# Injecting one or many surveys

`streamobs.observed.StreamInjector` injects observational effects (photometric
errors, observed magnitudes, detection flags) into a stream catalog. **The same
class handles a single survey or several at once** — there is no separate
multi-survey class. When several surveys are injected together, every survey
describes the *same physical stars*, so you can build catalogs that carry both
Rubin/LSST and Roman photometry for one stream.

## Constructing an injector

Pass one survey, or several:

```python
from streamobs.observed import StreamInjector

# One survey (loaded by name; `release` etc. forwarded to Survey.load).
# Its namespace is "{name}_{release}", here "lsst_dc2".
inj = StreamInjector("lsst", release="dc2")

# Several surveys as a list of specs — each spec is a survey name, a Survey, or a
# {"survey": ..., "release": ...} dict. The namespace is derived from each loaded
# Survey ("lsst_dc2", "roman_dc2"), NOT from any key you supply.
inj = StreamInjector([
    {"survey": "lsst", "release": "dc2"},
    {"survey": "roman", "release": "dc2"},
])

# A list of plain names loads each release-less, so the namespace is the bare
# name ("lsst", "roman").
inj = StreamInjector(["lsst", "roman"])
```

- The namespace (the column prefix) is always the survey's own
  `{name}_{release}` ({attr}`streamobs.surveys.Survey.namespace`).

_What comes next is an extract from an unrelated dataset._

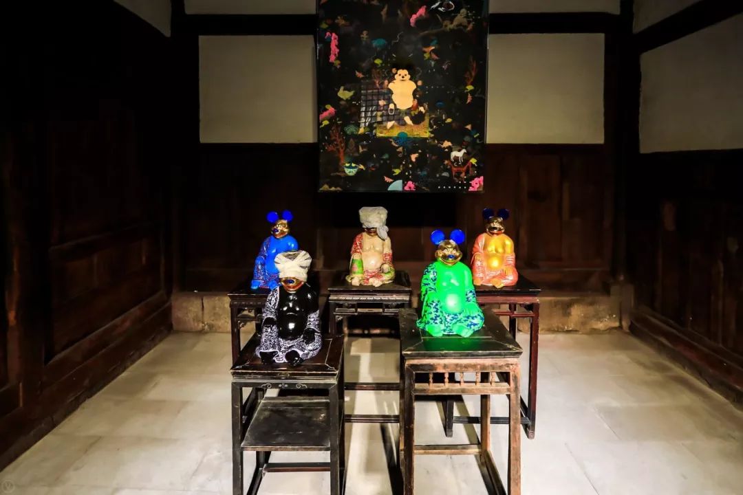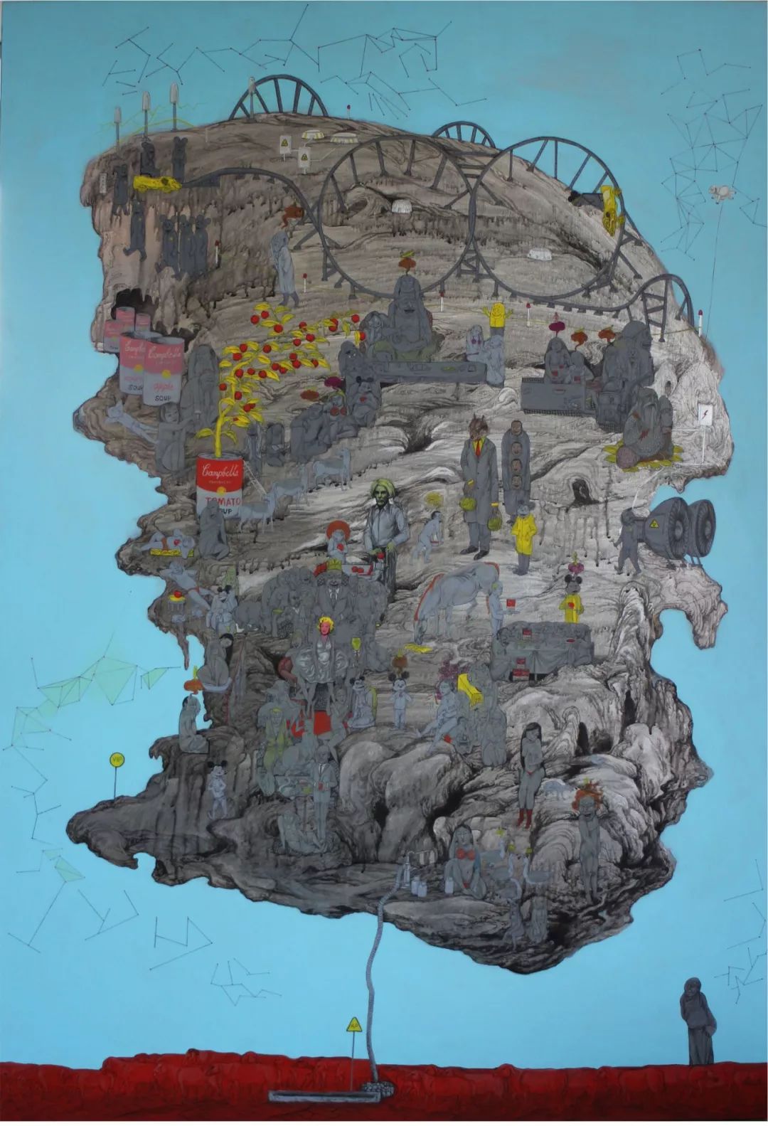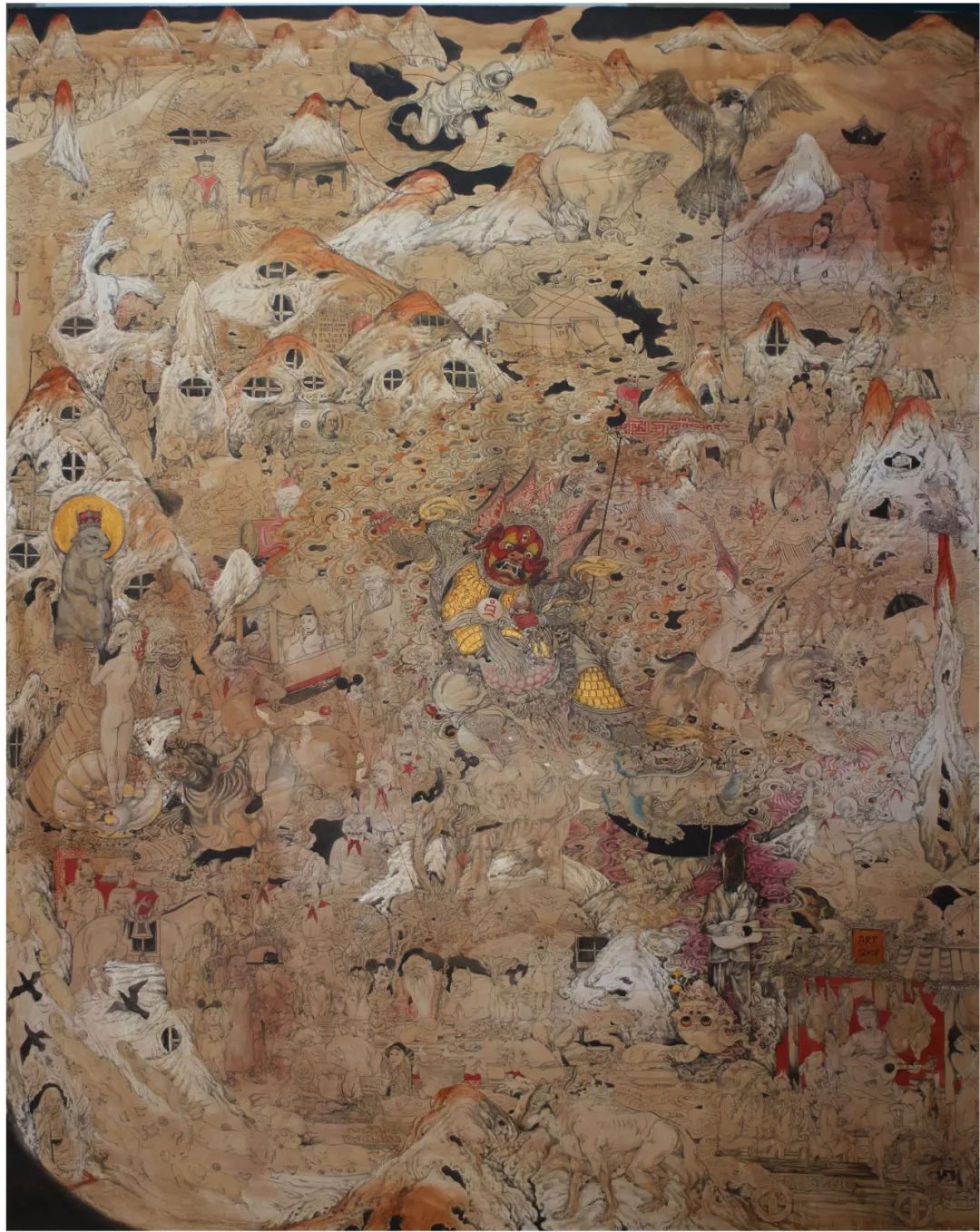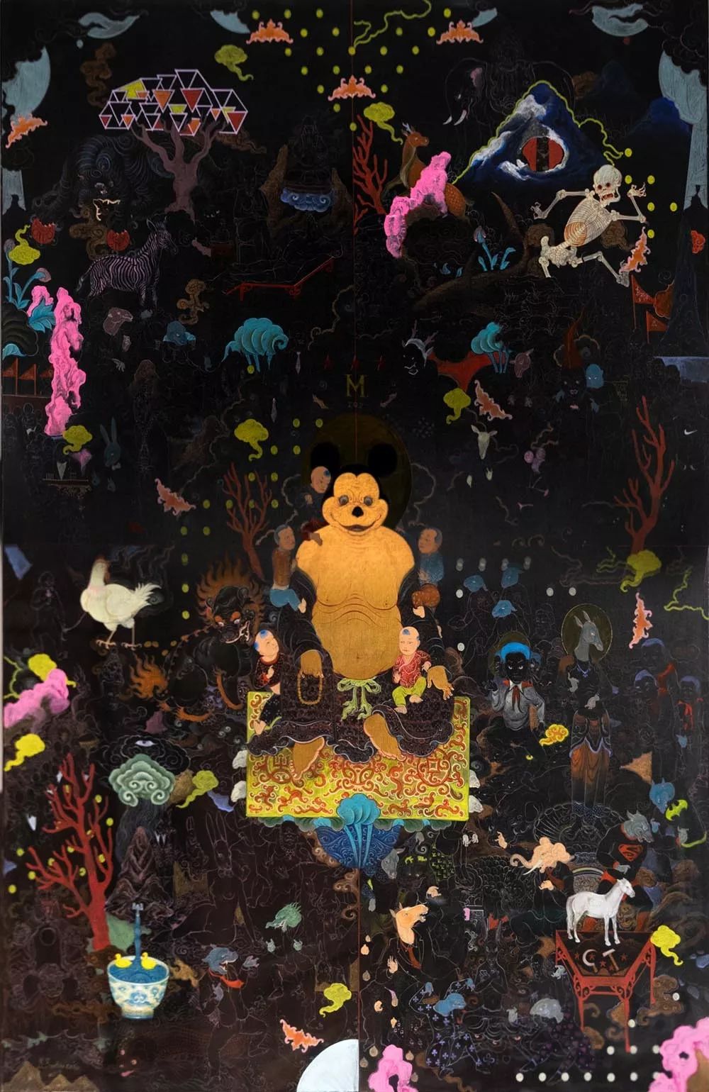 在《M...Top》和《他们》这两件作品中艺术家都运用了米老鼠的的形像和一些佛教故事以及弥勒佛身体,是一种传统的佛教崇拜和当下流行文化的组合。在绘画作品中艺术家也柔和和很多波斯细密画、唐卡 、俄罗斯油画的技巧。

A `{key: spec}`
  dict is also accepted, but the keys are containers only — the namespace is
  re-derived from each `Survey`, not taken from the key.
- `primary` selects the survey whose footprint drives the shared sky placement
  (defaults to the first survey).
- `inj.surveys` is the `{namespace: Survey}` mapping; `inj.primary` (alias
  `inj.survey`) is the primary `Survey`, and `inj.primary_namespace` its namespace
  string.

## Injecting

```python
# Single survey: `bands` is the shorthand (defaults to ['r', 'g']).
out = inj.inject(df, bands=["r", "g"], stream_config=cfg, seed=42)

# Several surveys: give the bands per survey as a {namespace: [bands]} dict,
# keyed by each survey's namespace ({name}_{release}).
out = inj.inject(
    df,
    bands={"lsst_dc2": ["r", "g"], "roman_dc2": ["F106", "F158"]},
    stream_config=cfg,
    seed=42,
)
```

A plain list is rejected for a multi-survey injector (it is ambiguous), and a
`bands` dict referencing an unknown namespace raises `ValueError`.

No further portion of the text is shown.